For years, he believed the courts had revoked his sentence. For years, the state believed he was in prison serving his time.

Now, Cornealious “Mike” Anderson is behind bars after the department of corrections noticed what it calls a “clerical error” last summer. Then it went and got him.

Anderson told reporters he never considered turning himself in;  he just decided to turn his life around.

“It was 13 years of somewhat relief, but was it always in the back of my mind? Of course it was in the back of my mind,” he told “This American Life.” “You get pulled over for a traffic ticket, you run a red light, run a stop sign, you didn’t come to a complete stop, and they’re running your information and your hearts beating fast like, ‘Man, are they going to know?’ And they come back and say, ‘Hey, Mr. Anderson, get your taillight fixed. Get your tags renewed.’ And that was it.”

His attorney, Patrick Megaro, is now arguing the 13-year sentence comes 13 years too late and is a violation of his legal rights, The St. Louis Post-Dispatch reported. Megaro filed court papers asking for Anderson’s release. He argued forcing the man to serve the term after he was rehabilitated was wrong, saying it’s “cruel and unusual to allow him to believe that the state had given him a reprieve to one day, out of the blue, knock down his door and take his entire life away.”

On Tuesday, Attorney General Chris Koster rejected Megaro’s argument, but said he could refile it against the director of the department of corrections. The Post-Dispatch reported this move could give Anderson credit for the time he was at large. Koster’s office declined to comment after filing its response, the paper said.

Megaro told The Post-Dispatch on Tuesday evening he needed time to review the document because he thought the attorney general’s suggestion might be risky.

“If I take them up on their offer, and the court denies it, it doesn’t really do much good,” he said. “My initial reaction is that their approach might not work.”
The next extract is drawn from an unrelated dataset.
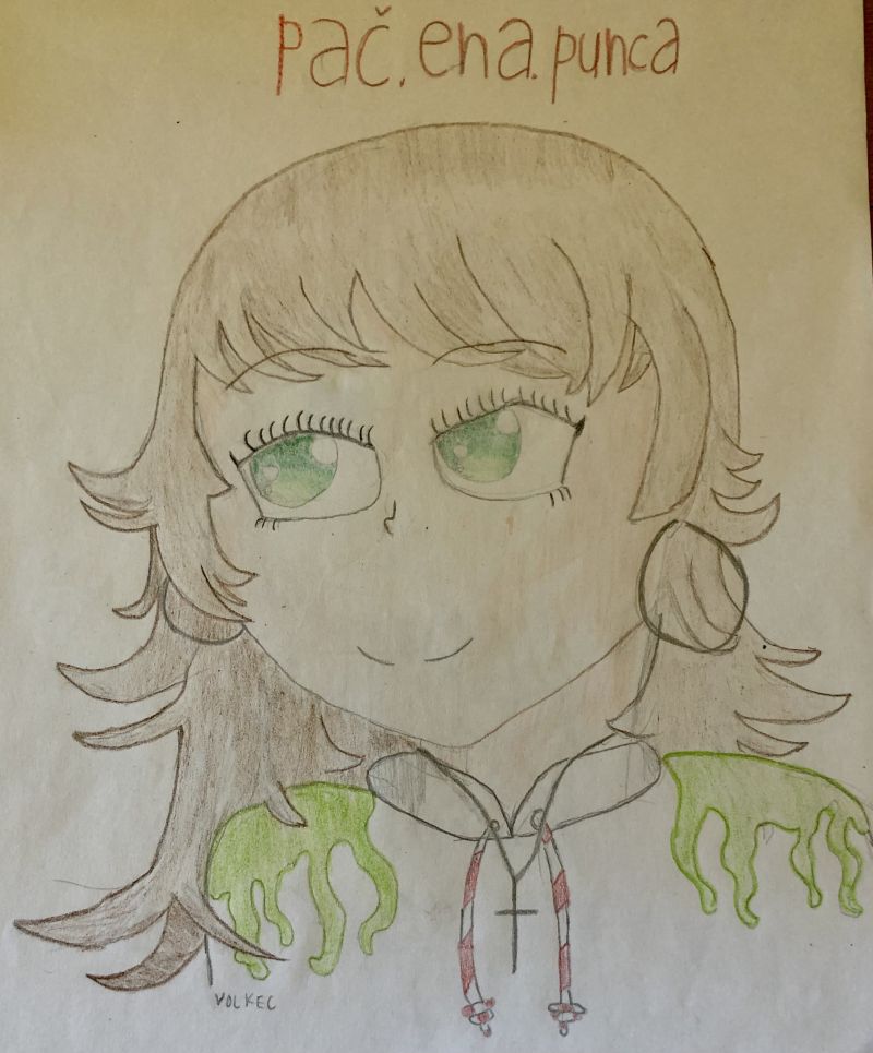 Tu je tvoja slikica, ki sem jo naredila po opisu. Upam, da sem frizuro narisala prav. Ozadja nisem dodajala, zato sem se malo bolj posvetila puloverju.

St. Charles County Prosecutor Tim Lohmar recently told “This American Life” that letting Anderson go would likely open Pandora’s box “if our system allowed for people to somehow — whether it was their doing or somebody else’s doing — to delay their incarceration to see if they can rehabilitate and become a productive member of society, to become a family man. I don’t know how we would do that. I don’t know where you stop, where you draw the line.”

As of Wednesday morning, nearly 21,000 people had signed a petition on Change.org asking for his release.

Since his conviction, Anderson became a carpenter and started his own construction business. He got married and had four children. He coached youth football.

He filed his taxes. He obtained business licenses and construction permits. He even got pulled over for traffic violations once or twice. No one noticed.

“I never felt like a fugitive because a fugitive is someone that’s running from the law. I never ran from the law. I was there,” he told “This American Life.”

Then came last summer — when Anderson’s never-served prison term was about to expire, and when the department noticed what it now calls a clerical error.

Marshals found Anderson, now 37, in Webster Groves, Mo., and sent him to prison to serve out his sentence, the Post-Dispatch reported.

“It’s just very hard,” his wife, LaQonna Anderson, told NBC’s Today. “And I miss my husband very, very much. My kids miss their father.”

Even Dennis, the Burger King manager Anderson robbed at gunpoint, told “This American Life”:

“You gotta give the guy a little bit of slack. … The law dropped the ball. The law ought to drop it completely. They need to leave the man alone.”